> **Dataset excerpt**:
.....

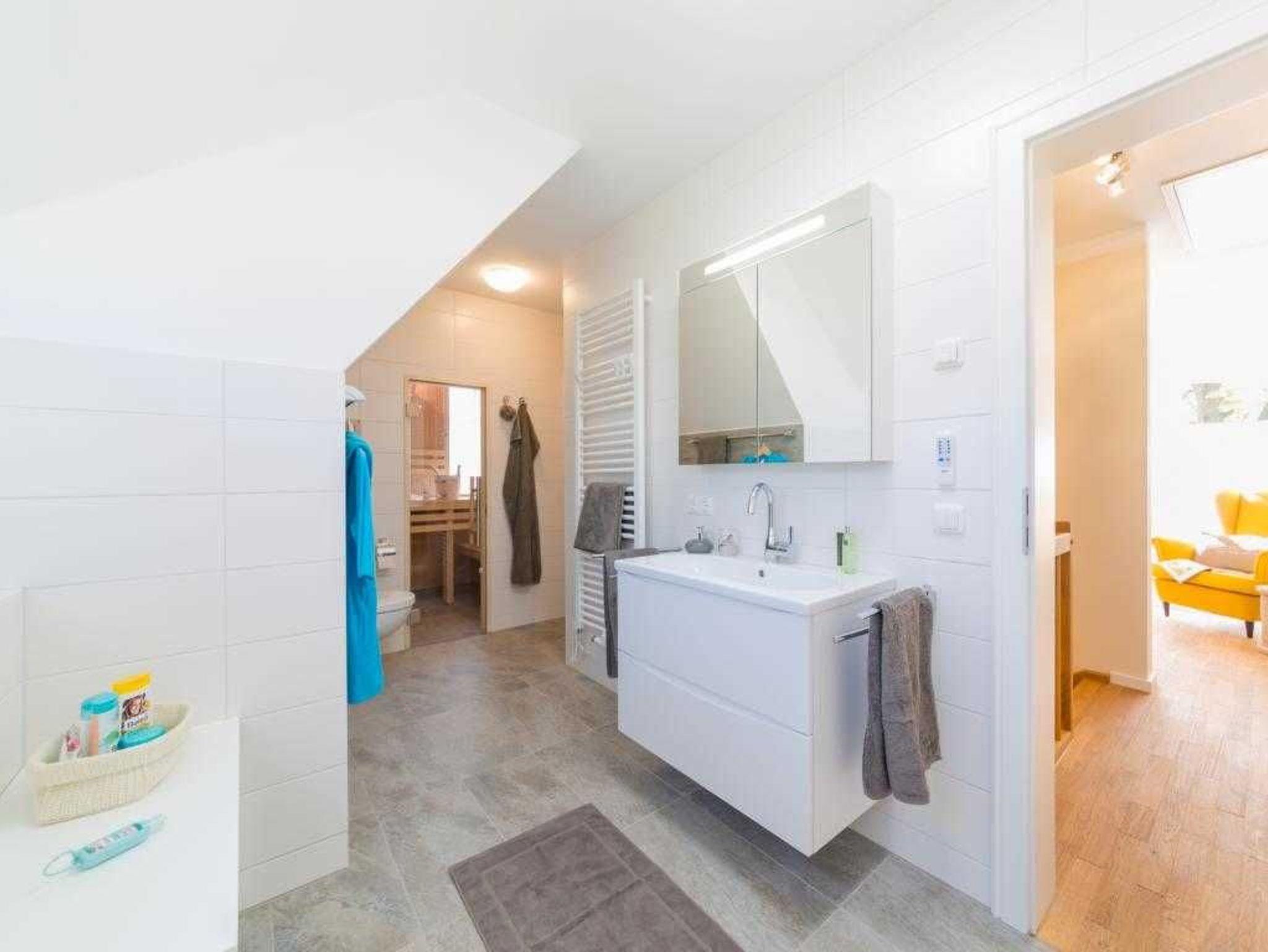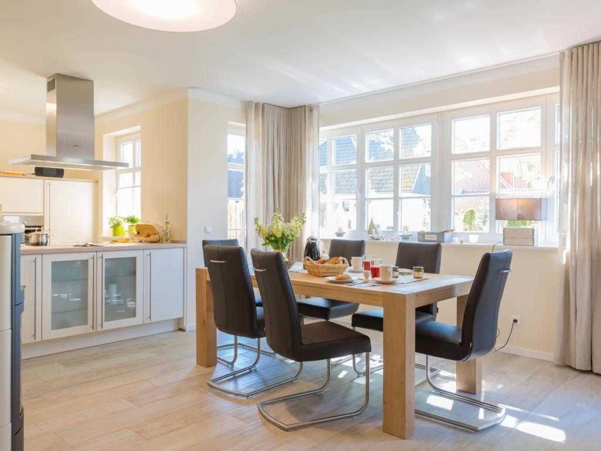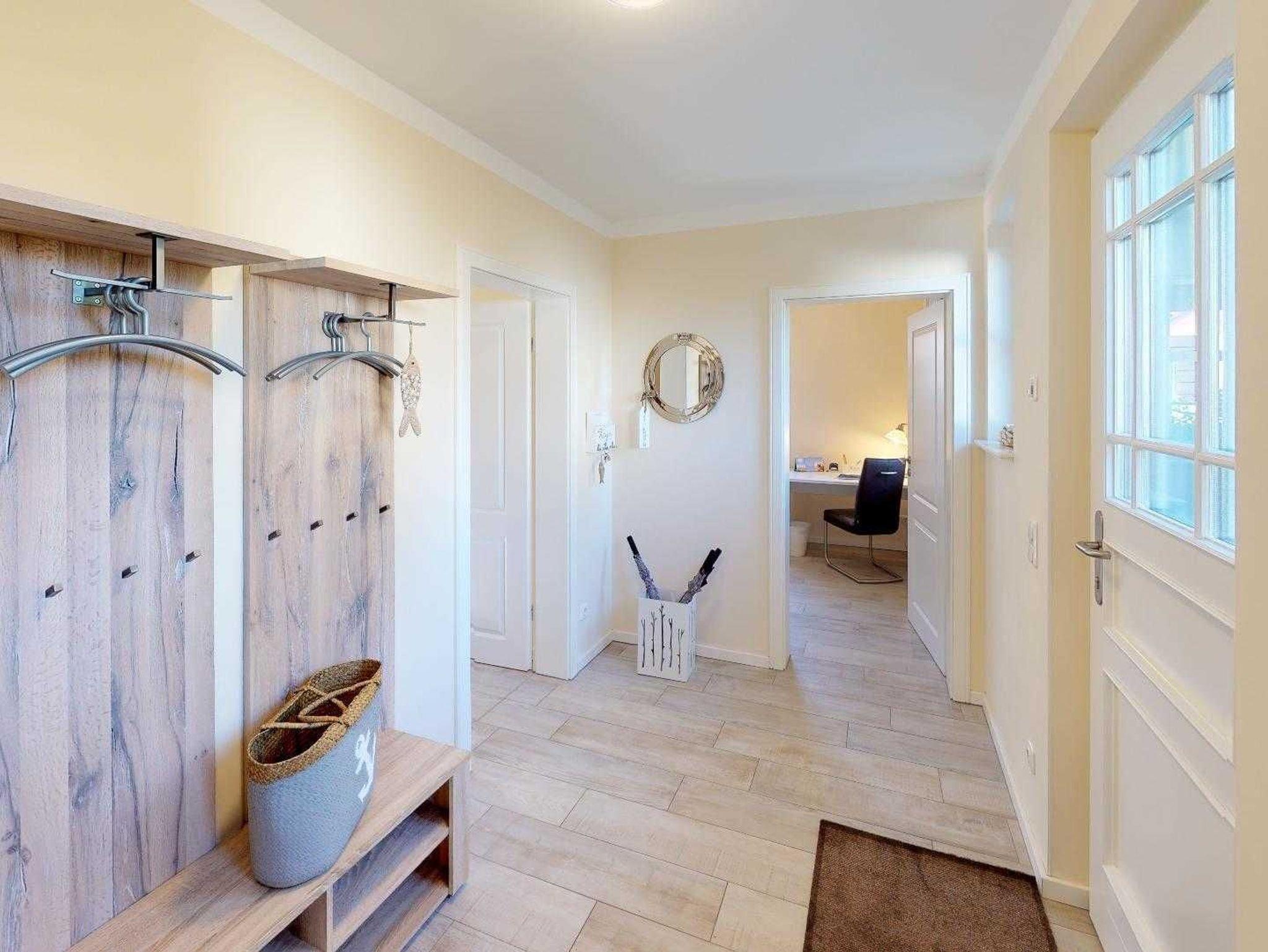 Allgemein:Einfamilienhaus, 124 qm Wohnfläche, 5 Zimmer, 4 Schlafzimmer, 2 Bäder, 405 qm Grundstück eingezäunt, Gasbrennwerttherme, Solare Warmwasserbereitung, Fußbodenheizung in allen Räumen, Kaminofen, Sauna, Waschmaschine, Trockner, 2 PKW Stellplätze, Gartenhaus, 37 qm Terrasse (Südausrichtung), Internet, Sat-TV, Darßtypische Architektur mit Fledermausgaube, Darßveranda, Süd-Balkon.
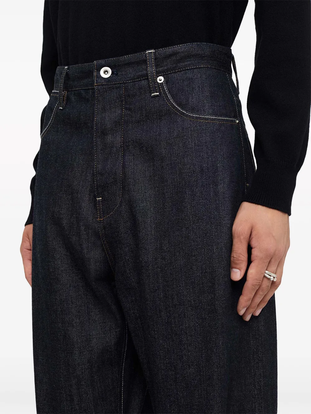 Синий, хлопок, деним, темный оттенок денима, контрастная строчка, прямой крой, средняя посадка, пять карманов, петли для ремня и потайная застежка на молнии и пуговицах.
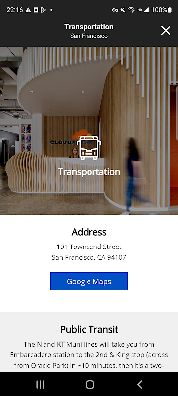 क्लाउडफ्लेयर वर्कप्लेस ऑनसाइट जानकारी तक आसानी से पहुंचने और क्लाउडफ्लेयर कैंपस में आपकी यात्रा की योजना बनाने के लिए हमारा वन-स्टॉप-ऐप अनुभव है।
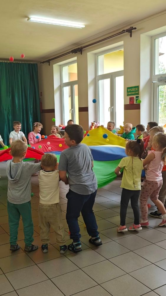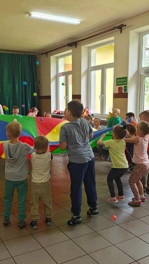 Zabawy ruchowe oraz integracyjne przyniosły dzieciom wiele uciechy, szczególnie

.....

Reproduce the whole listing verbatim and keep all pictures out of it.

> **Task response**:
 Allgemein:Einfamilienhaus, 124 qm Wohnfläche, 5 Zimmer, 4 Schlafzimmer, 2 Bäder, 405 qm Grundstück eingezäunt, Gasbrennwerttherme, Solare Warmwasserbereitung, Fußbodenheizung in allen Räumen, Kaminofen, Sauna, Waschmaschine, Trockner, 2 PKW Stellplätze, Gartenhaus, 37 qm Terrasse (Südausrichtung), Internet, Sat-TV, Darßtypische Architektur mit Fledermausgaube, Darßveranda, Süd-Balkon.
 Синий, хлопок, деним, темный оттенок денима, контрастная строчка, прямой крой, средняя посадка, пять карманов, петли для ремня и потайная застежка на молнии и пуговицах.
 क्लाउडफ्लेयर वर्कप्लेस ऑनसाइट जानकारी तक आसानी से पहुंचने और क्लाउडफ्लेयर कैंपस में आपकी यात्रा की योजना बनाने के लिए हमारा वन-स्टॉप-ऐप अनुभव है।
 Zabawy ruchowe oraz integracyjne przyniosły dzieciom wiele uciechy, szczególnie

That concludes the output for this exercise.